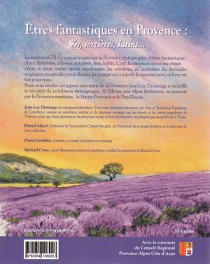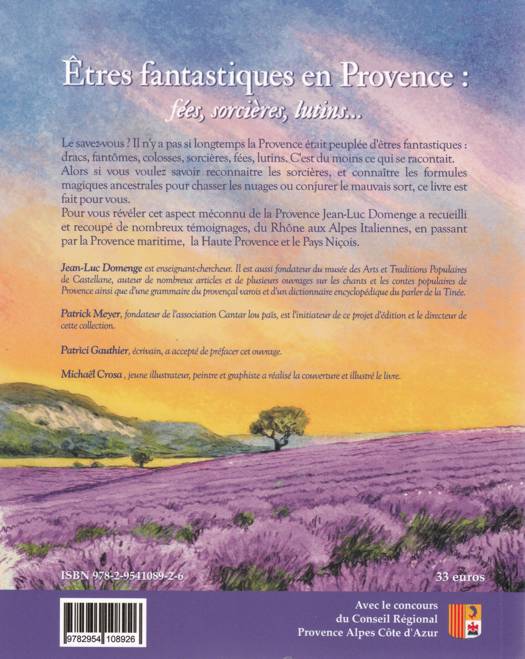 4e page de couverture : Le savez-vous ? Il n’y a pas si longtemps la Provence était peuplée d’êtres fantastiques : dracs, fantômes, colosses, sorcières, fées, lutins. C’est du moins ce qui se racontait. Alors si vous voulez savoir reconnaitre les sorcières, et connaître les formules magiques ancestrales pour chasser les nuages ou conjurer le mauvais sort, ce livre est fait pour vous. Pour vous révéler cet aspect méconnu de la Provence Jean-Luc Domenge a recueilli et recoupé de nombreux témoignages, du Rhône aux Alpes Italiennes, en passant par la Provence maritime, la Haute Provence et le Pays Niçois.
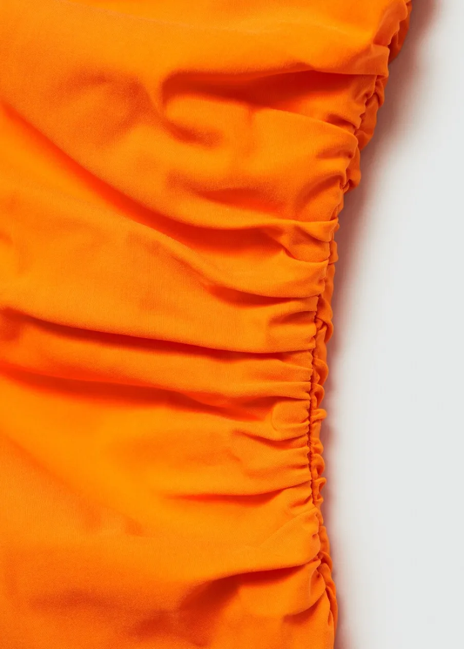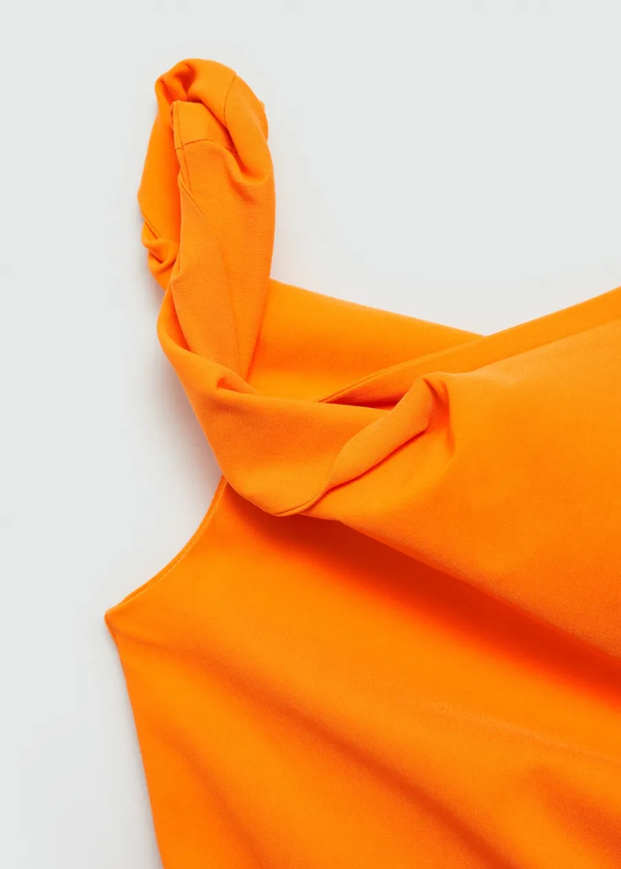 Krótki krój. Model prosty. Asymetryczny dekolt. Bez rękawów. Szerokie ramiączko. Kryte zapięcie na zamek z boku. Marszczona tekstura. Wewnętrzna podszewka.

★ ★ ★ ★

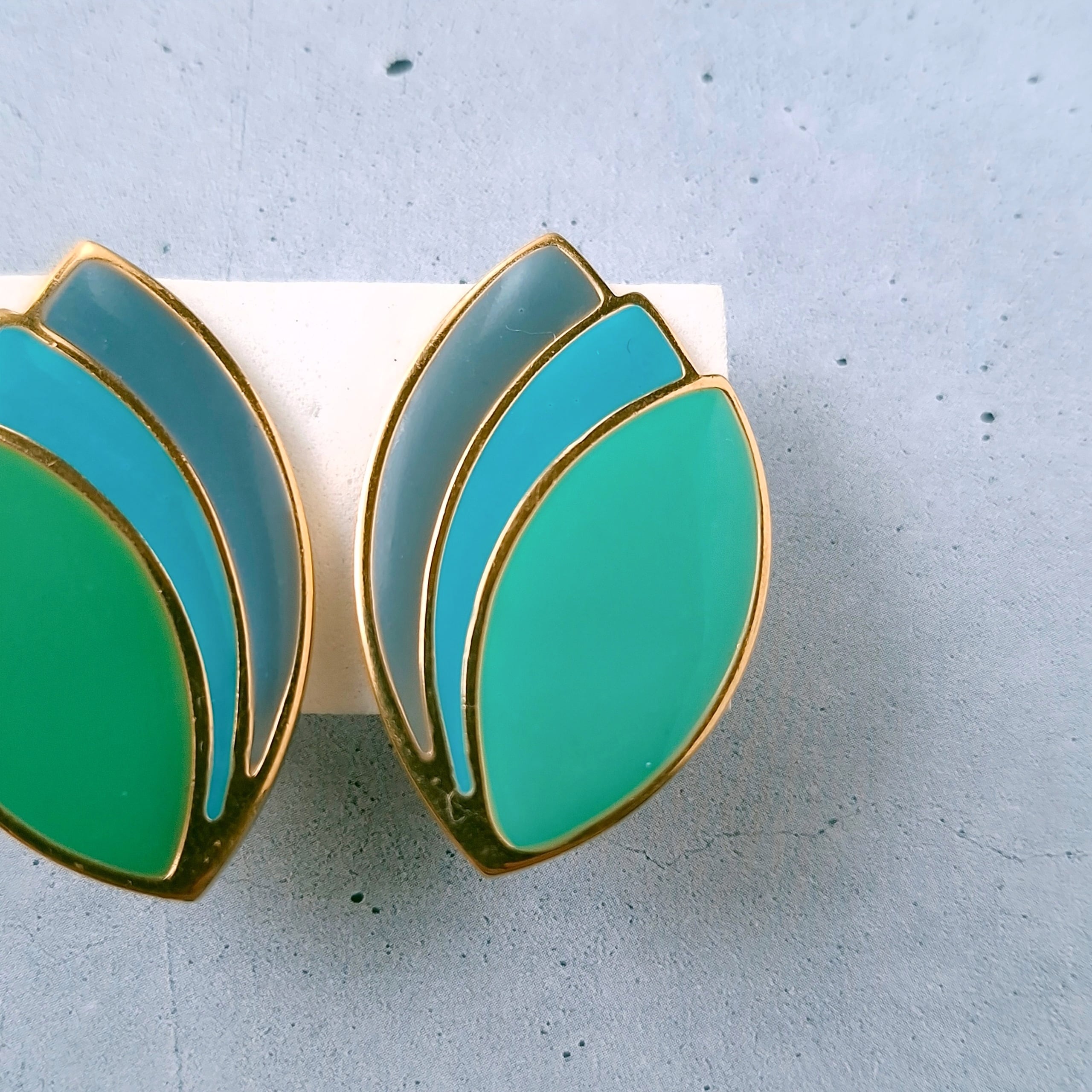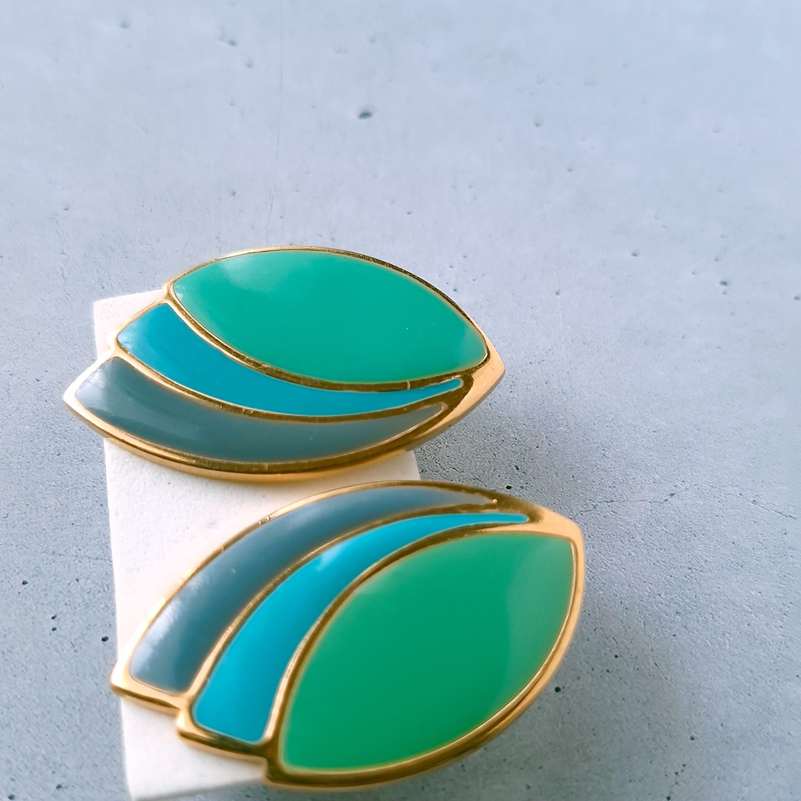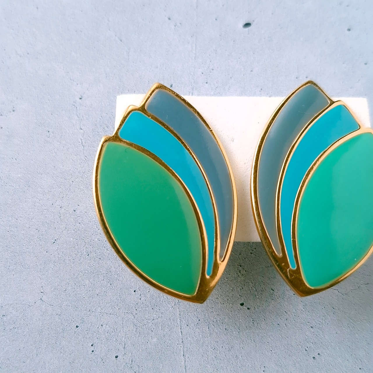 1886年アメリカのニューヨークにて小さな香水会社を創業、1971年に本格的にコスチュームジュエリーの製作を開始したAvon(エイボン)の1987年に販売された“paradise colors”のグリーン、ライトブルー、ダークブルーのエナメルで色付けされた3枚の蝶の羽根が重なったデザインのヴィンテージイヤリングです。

★ ★ ★ ★

* [What to do]:
Using the records above, return word for word the lines that begin at the one containing "4e page de couverture" and end at the one containing "Krótki krój. Model", both of them included and no pictures.

* [Result of the exercise]:
 4e page de couverture : Le savez-vous ? Il n’y a pas si longtemps la Provence était peuplée d’êtres fantastiques : dracs, fantômes, colosses, sorcières, fées, lutins. C’est du moins ce qui se racontait. Alors si vous voulez savoir reconnaitre les sorcières, et connaître les formules magiques ancestrales pour chasser les nuages ou conjurer le mauvais sort, ce livre est fait pour vous. Pour vous révéler cet aspect méconnu de la Provence Jean-Luc Domenge a recueilli et recoupé de nombreux témoignages, du Rhône aux Alpes Italiennes, en passant par la Provence maritime, la Haute Provence et le Pays Niçois.
 Krótki krój. Model prosty. Asymetryczny dekolt. Bez rękawów. Szerokie ramiączko. Kryte zapięcie na zamek z boku. Marszczona tekstura. Wewnętrzna podszewka.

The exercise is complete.